During the last four days before the election, a number of Local 802 Executive Board and rank-and-file members joined together with other volunteers from the AFL-CIO to phone voters in swing states on behalf of John Kerry.

It was a lot of hard work, but volunteers at Local 802 made nearly 10,000 calls.

As a result of this effort, Local 802 was more politically active than ever before and in the future we can reach out to others who participated in this effort when we need support for our own issues.

Unfortunately, as readers already know, we were not successful in our objective of getting John Kerry elected, but it is imperative that we not give up on political involvement.

Over the last twenty years we have watched as the Democratic Party has moved more and more to the right, endorsing NAFTA and other business-friendly policies, only to find that the new position is still defined as “too liberal.”

As a result, we now have a vocal opponent on the left in the person of Ralph Nader.

If we quietly fold our tents, that trend is likely to continue and the party will become irrelevant.

Here are a few thoughts to share.


In this election, the tactics of divide and conquer have once again been used against the working class.

The Republican Party has for a long time divided the votes of the working class by using race as a tool, then gun rights.

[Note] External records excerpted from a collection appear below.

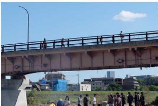
芋煮会場の牛越橋河原までは歩いて15分。橋の上から先遣隊を見つけて「おーい！」と手を振りました。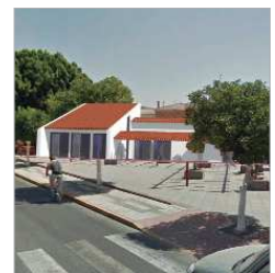
Así será la Casa del Flamenco.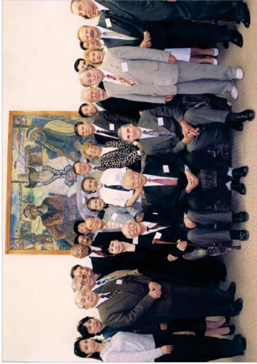
Участники международного круглого стола по правопониманию. Алматы, ВШП «Эділет», 1999 г.

By diverting attention from economic issues, the right has persuaded some voters to join with corporate interests against their own.

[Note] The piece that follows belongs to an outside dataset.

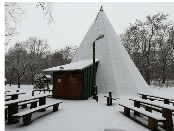
3. Stanica myśliwska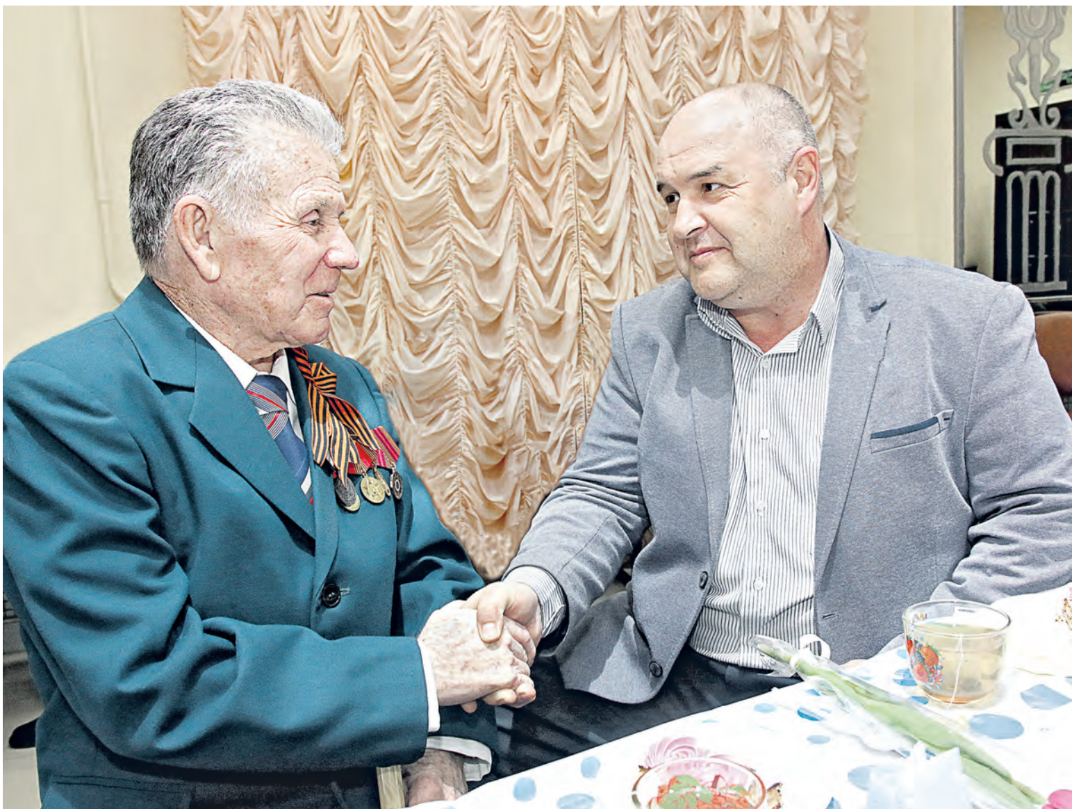
▲ Связь поколений нерушима, пока молодёжь помнит, что довелось пережить их дедам и прадедам, приближая День Победы

In this election, gay marriage has been added to the repertoire of distractions.

While those of us who supported Sen. Kerry reflect on the results of the election, it might be easy to jump to the easy conclusion that a substantial number of citizens are intolerant and that nothing can help, but we must not.

The problem is not that liberals lack morals. It is that they have allowed themselves to be left out of the “values” debate.

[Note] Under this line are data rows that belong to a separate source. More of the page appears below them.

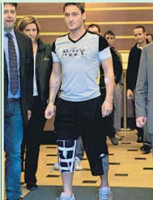
Deja la clínica. El jugador del Roma Totti fue dado de alta ayer tras ser operado de la rodilla.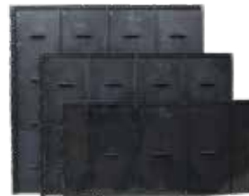
Toepassing van lage panelen (30, 45 of 60 cm hoog)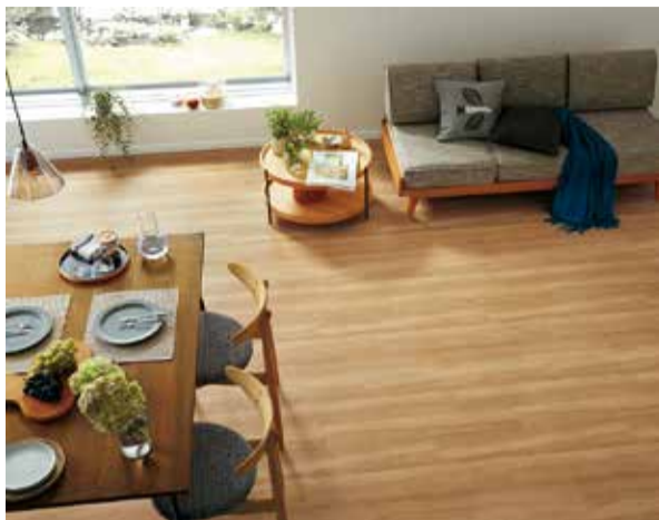
リアルな木目を表現

シンコールインテリアは、「みんなにフィットする」をコンセプトにした、住宅用クッションフロア「Ponleum (ポムリウム) 2022-2024」を、このほど発売した。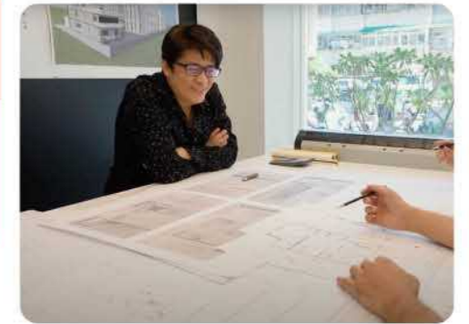
室內設計提案新利器

Instead of conceding in silence on values and moral issues, we must engage in a fuller debate on the subject.

We must point out that valid moral judgments support a vote for a liberal candidate because the economic policies of the right leave too many working people in poverty both here in the U.S. and elsewhere and poverty drives crime and moral decay.


So, what can we do to contribute?

We can help by making sure that the Democratic Party becomes a clear voice for progressive values rather than continuing the tendency to be “Republican lite.”

Democrats may now be in the minority, but they can prevent the passage of anti-progressive legislation in the Senate.

There are now few, if any, Democratic senators from “red” states, so it is no longer political suicide for the party to support liberal causes.

On the contrary, there are now Republican senators from “blue” states who are more vulnerable to pressure to join with liberals — observe, for instance, recent remarks by Sen. Arlen Specter about not rubber-stamping just any nominee to the Supreme Court that Bush puts forward.

We should require therefore that Democrats support and advance other progressive ideas like a higher minimum wage, universal healthcare, better labor legislation and a return to the fairness doctrine in the media.

We must make sure that the Democrats keep the faith while we rebuild a progressive movement in the U.S.

That will mean more involvement in the electoral and political process; to do otherwise would mean signing the death warrant of the labor movement and the loss of our ability to represent our members.

Mary Landolfi was the financial vice president of Local 802 from 1994 to 2000 and is currently a member of the Executive Board.